The last page had a document tucked into the space between the sticky clear cover and board base of the page. It was the deeds to the mansion. They were in Walter’s name. I smiled through the tears, glad that the man who had devoted his life to Grandfather even when life had gone bad was being acknowledged now.
There was another document with the deeds. A sealed envelope addressed to my New York apartment. Walter took the document, telling me I was not to read the document until after my return and that Grandfather had left strict instructions the document was to be posted once I’d received the photo album.
Thanking Walter for his care I made plans to leave. He offered to drive me into town to save me calling for a taxi. After all he had to go to the Post Office to send the envelope to my home.
The building was abandoned; left empty by the previous owners, but the yard was full; rust-covered milk floats, discarded crate mountains, dust-covered and cobwebbed milk bottles.

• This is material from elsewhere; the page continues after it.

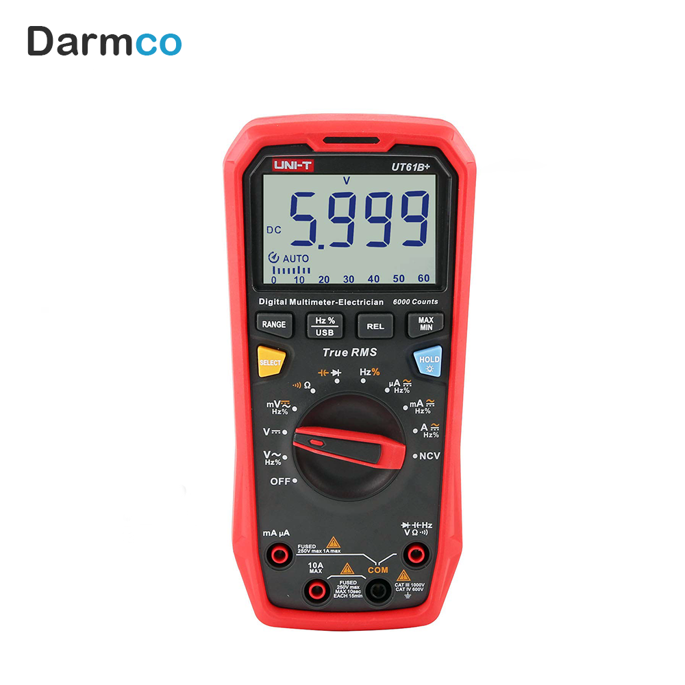 مولتی متر دیجیتالی یونیتی مدل +UT61B یک مولتی متر دیجیتال است که پارامترهای مدار را اندازه گیری میکند و در حوزه کاری الکترونیک و تست و تعمیر مدارهای الکتریکی و الکترونیکی، در آزمایشگاه های آموزشی، کارگاه ها و کارخانه های صنعتی کاربردی است. مولتی متر دیجیتالی UT61B پلاس، دارای تنظیم رنج خودکار هست و همچنین با صفحه نمایش بزرگ خود با نور پس زمینه و با اندازه گیری مقایسه ای و مقدار ماکزیممم ، مینیمم و مقدار نسبی است و قابلیت اتصال به کامپیوتر و گرفتن داده های اندازه گیری شده را بصورت خروجی و آنالیز این داده ها را روی سیستم دارد.

The whole town had a frigid atmosphere, disapprobation carried on the breeze; no disapproval towards its occupants for chaotic afflictions over which they had no control.
This once bright, prosperous and busy borough now dulled as if touched by an artist with grey-wash; a shadow of its former self; memories of lines of boiled sheets and smalls, neighbourhood chatters and calls, kids on their bikes or playing hopscotch or marbles in the streets; gone with the factories, which like dominoes falling, closed one by one until all which remained was an ensemble of skeletal steelworks, a rarely-used bus depot and the discarded rail tracks, for there were very few visitors now.
The remaining residents lived a traditional British way of life; roast beef and ‘Yorkshires’ on Sundays, Chips and scraps Fridays and hand-me-downs while week-in, week-out Dad went to the pub pissing ‘it’ up the wall.
But while I watch the kids slide and zip and swing; there’s laughter on the breeze and hope with pride and humour.
A Town Called Malice – Facts
This was a song by a band called ‘The Jam’. Their lead singer was Paul Weller and it was he who wrote the song. It was released in February 1982 and debuted at number 1.♣ If you don’t know of the song then checkout the video. Video of ‘A Town Called Malice’ by The Jam
Paul Weller has said that it was written about his hometown Woking, as a result of his teenage experiences there, described by ‘The Guardian’s Greg Freeman on
[…] the grey commuter town that Weller grew up in. As a railway junction its sole benefit seemed to be – and maybe still is – the availability of a fast train to London.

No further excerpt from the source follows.